Tracing Python execution

Marcos Dione

2016-06-23 20:32

Today I stumbled upon PyCon 2016's youtube channel and started watching some of the talks. The first one I really finished watching was Ned Batchelder's "Machete debugging", a very interesting talk about 4 strange bugs and the 4 strange techniques they used to find where those bugs were produced. It's a wonderful talk, full of ideas that, if you're a mere mortal developer like me, will probably blow your mind.

One of the techniques they use for one of the bugs is to actually write a trace function. A trace function in cpython context is a function that is called in several different points of execution of Python code. For more information see sys.settrace()'s documentation.

In my case I used tracing for something that I always liked about bash: that you can ask it to print every line that's being executed (even in functions and subprocesses!). I wanted something similar for ayrton, so I sat down to figure out how this would work.

The key to all this is the function I mention up there. The API seems simple enough at first sight, but it's a little more complicated. You give this function what is called the global trace function. This function will be called with three parameters: a frame, an event and a event-dependent arg. The event I'm interested in is line, which is called for each new line of code that is executed. The complication comes because what this global trace function should return is a local trace function.

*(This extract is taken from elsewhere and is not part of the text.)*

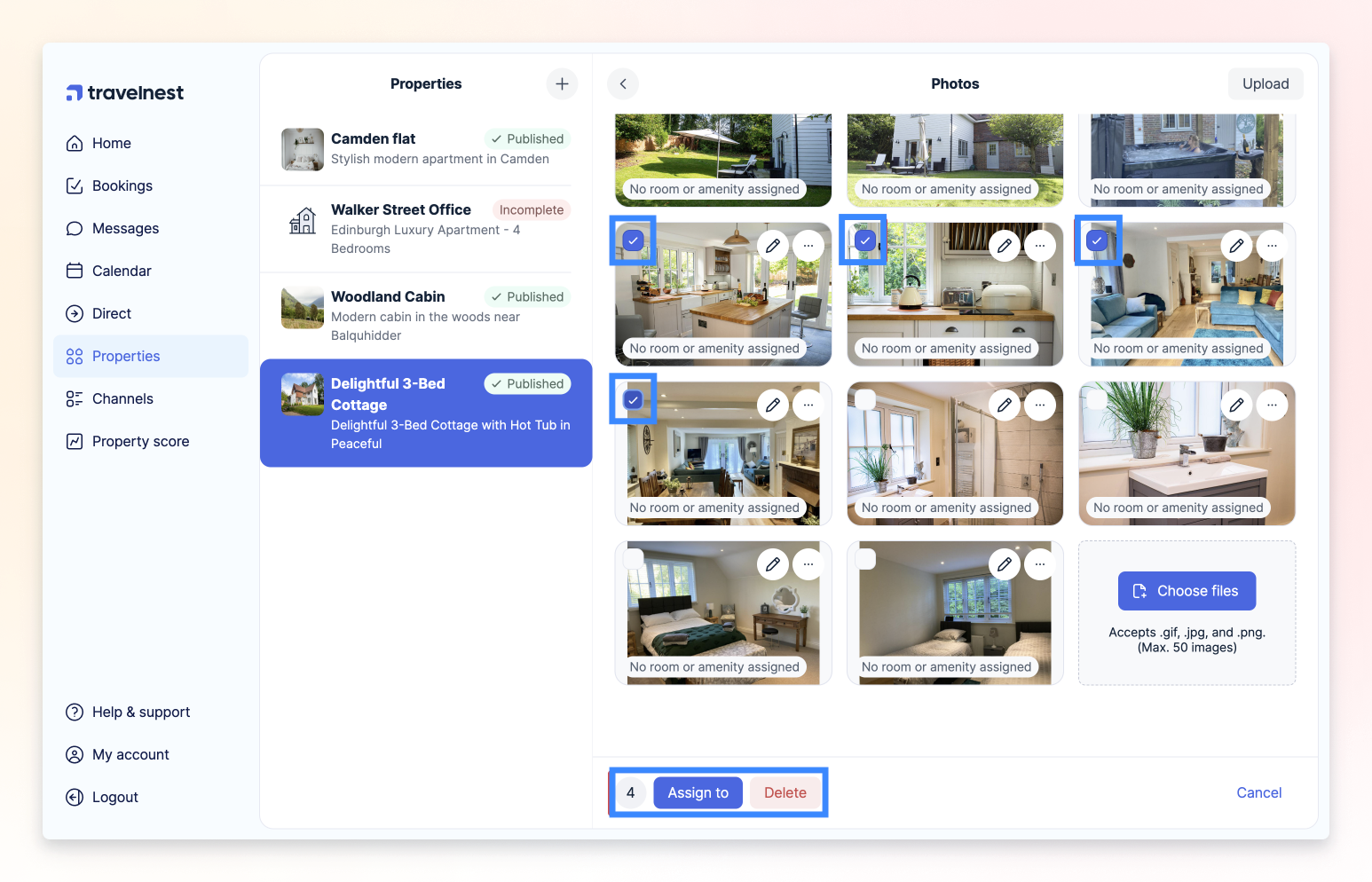 - You can also make changes to multiple photos at once. Just check the boxes next to the ones you want and then choose what you want to do – like assigning a room, amenity or deleting them.

This function will be called with the same parameters as the global trace function. I would really like an explanation why this is so.

The job for this function, in ayrton's case, is simple: inspect the frame, extract the filename and line number and print that. At first this seems to mean that I should read the files by myself, but luckily there's another interesting standard module: linecache to the rescue. The only 'real complication' of ayrton's use is that it would not work if the script to run was passed with the -c|--script option, but (un)luckily the execution engine already has to read the hold the script in lines, so using that as the cache instead of linecache was easy.

Finally, if you're interested in the actual code, go take a look. Just take in account that ayrton has 3 levels of tracing: à la bash (script lines prepended by +), with line numbers, and tracing any Python line execution, including any modules you might use and their dependencies. And don't forget that it also has 3 levels of debug logging into files. See ayrton --help!